Dataset section:
------------------------------------------------
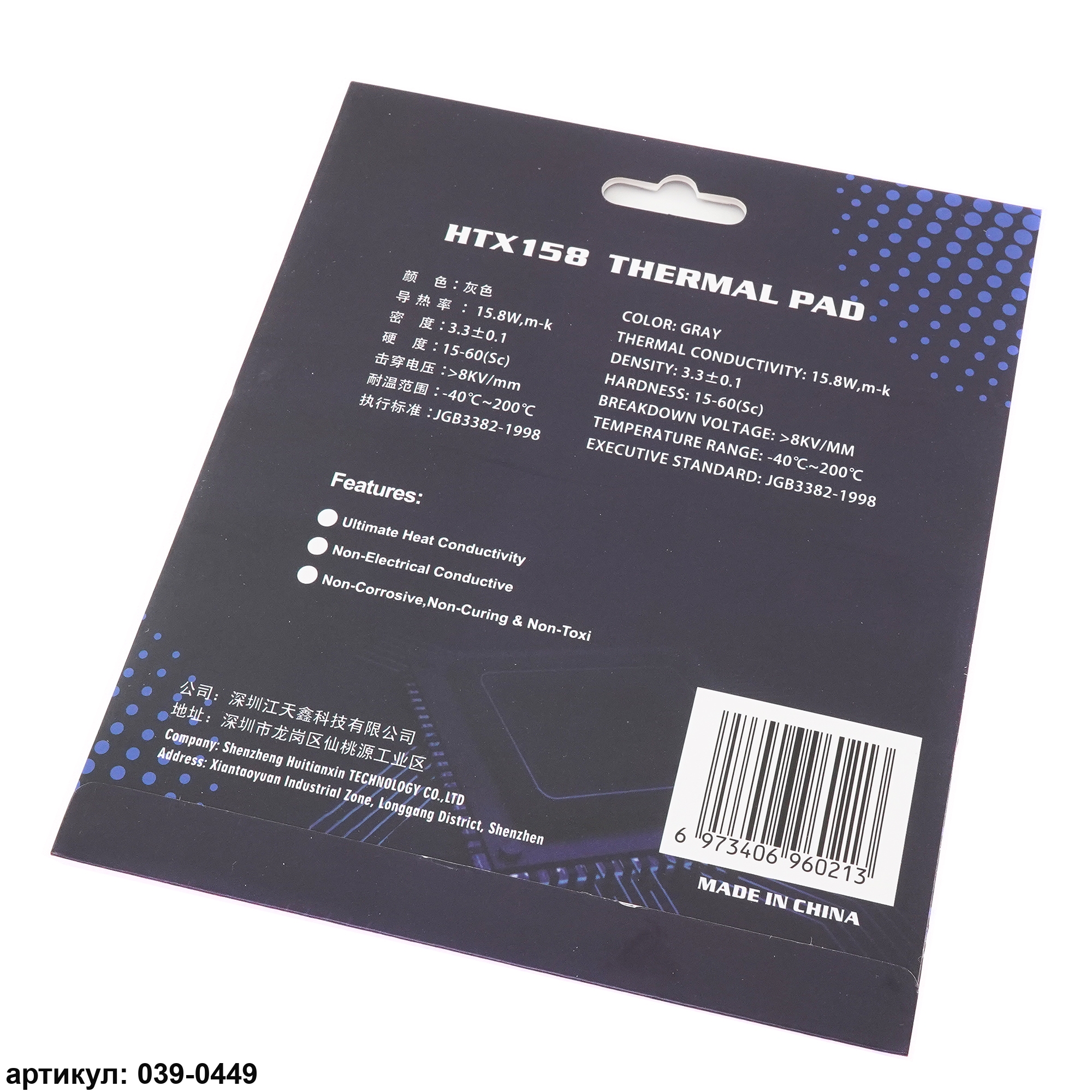 Термопрокладка 120x120х1 мм Hutixi HTX158 Thermal Pad 15.8 Вт/(м*К)
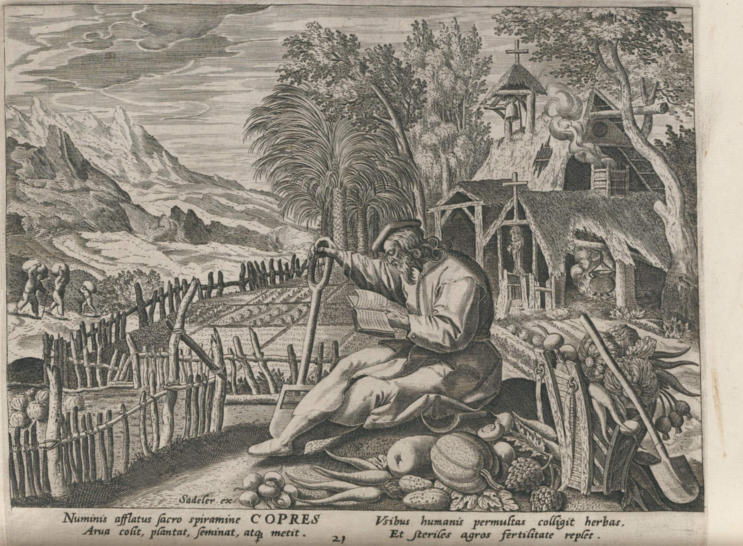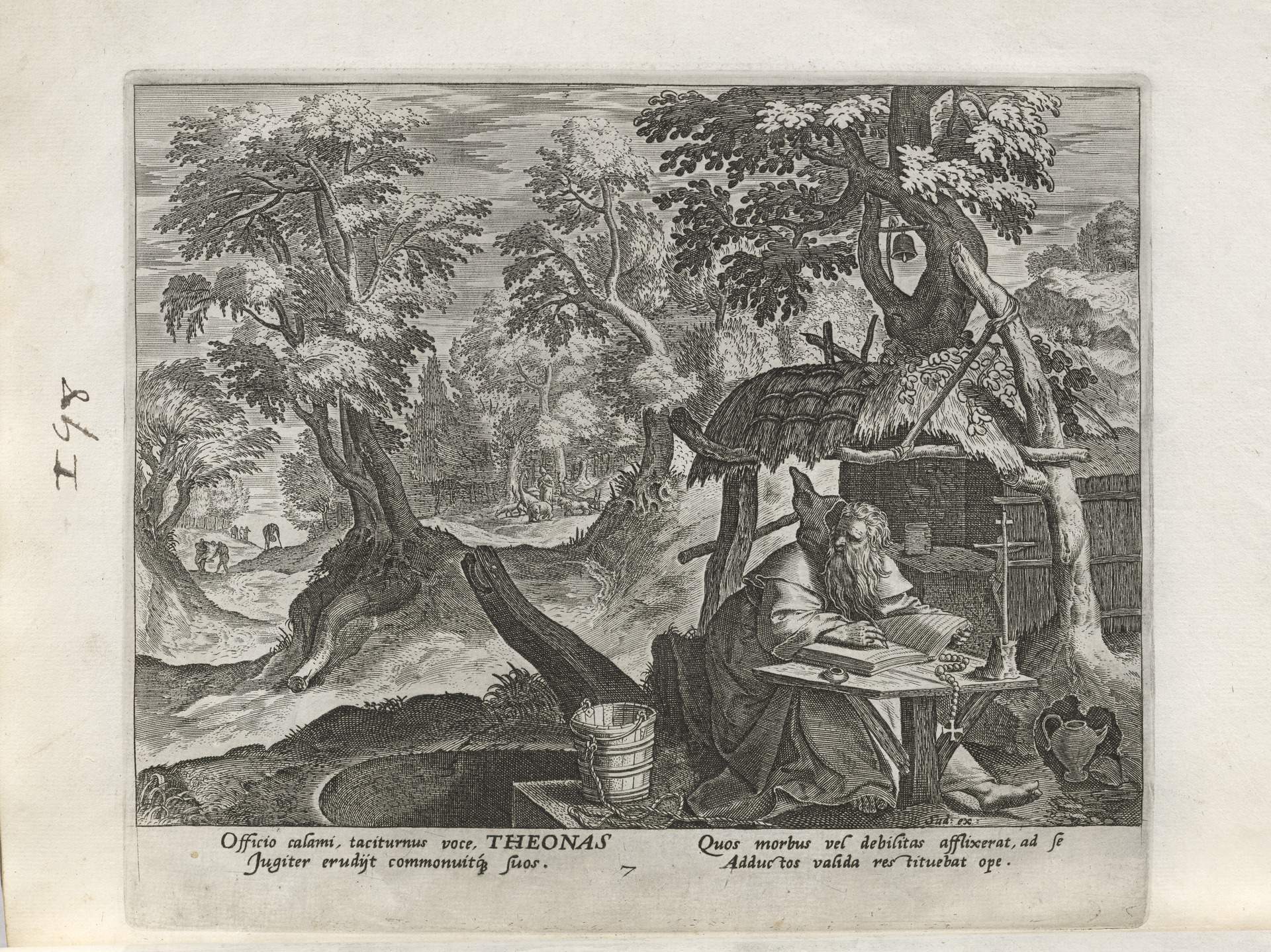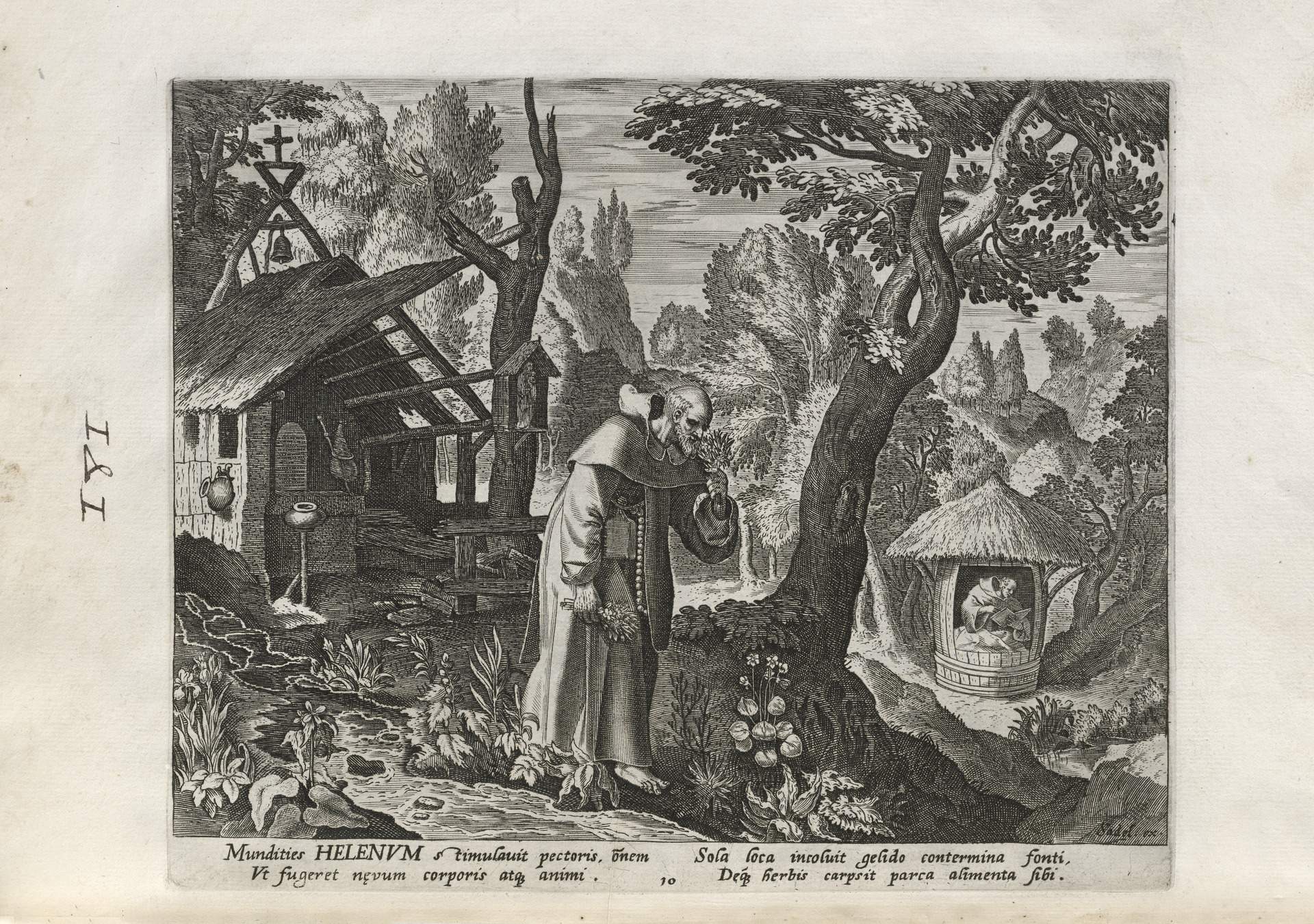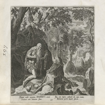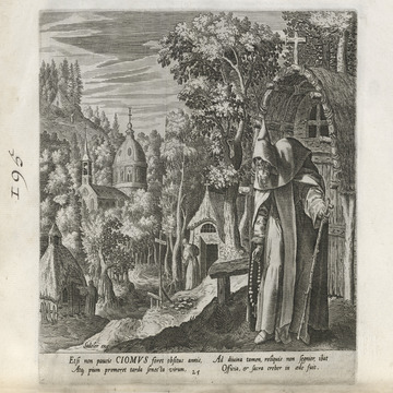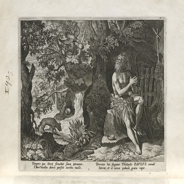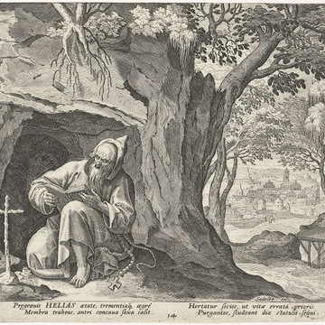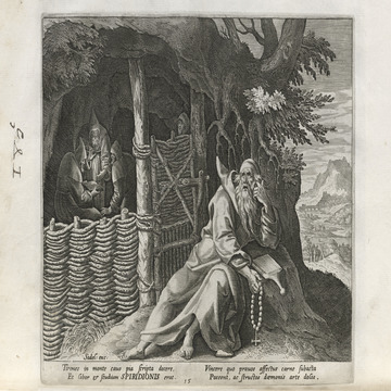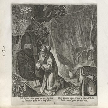 All of the hermits are presented in a distinctive Northern Renaissance and Flemish style that edifies, idealizes, and occasionally provokes a sense of nostalgia over an imagined medieval order lost to contemporaries, though updated for the sensibilities of the sixteenth and seventeenth centuries. This book of collected engravings must have provided hours of idle reflection for its urban, professional owner, scenes of perfection exempted from the turmoil of the times.
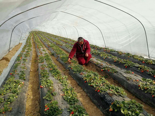 2016年,在周口職業(yè)技術(shù)學(xué)院的資助和專業(yè)老師的指導(dǎo)下,賈留功在自家的責(zé)任田里建起了草莓大棚。他用學(xué)到的草莓栽培技術(shù)精心管理,草莓長勢很好,當(dāng)年就獲得了不菲的收入,成為全村第一個(gè)靠技朮幫扶淘到第一桶金的貧困戶。
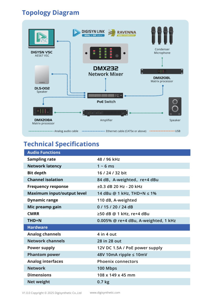 Sử dụng giao thức AES67 và cung cấp các chức năng DSP mạnh mẽ với hỗ trợ nâng cấp và ghép nối OTA.
------------------------------------------------
What to work on:
Since only the text is needed, retype the data above exactly and omit the pictures.

Exercise solution:
 Термопрокладка 120x120х1 мм Hutixi HTX158 Thermal Pad 15.8 Вт/(м*К)
 All of the hermits are presented in a distinctive Northern Renaissance and Flemish style that edifies, idealizes, and occasionally provokes a sense of nostalgia over an imagined medieval order lost to contemporaries, though updated for the sensibilities of the sixteenth and seventeenth centuries. This book of collected engravings must have provided hours of idle reflection for its urban, professional owner, scenes of perfection exempted from the turmoil of the times.
 2016年,在周口職業(yè)技術(shù)學(xué)院的資助和專業(yè)老師的指導(dǎo)下,賈留功在自家的責(zé)任田里建起了草莓大棚。他用學(xué)到的草莓栽培技術(shù)精心管理,草莓長勢很好,當(dāng)年就獲得了不菲的收入,成為全村第一個(gè)靠技朮幫扶淘到第一桶金的貧困戶。
 Sử dụng giao thức AES67 và cung cấp các chức năng DSP mạnh mẽ với hỗ trợ nâng cấp và ghép nối OTA.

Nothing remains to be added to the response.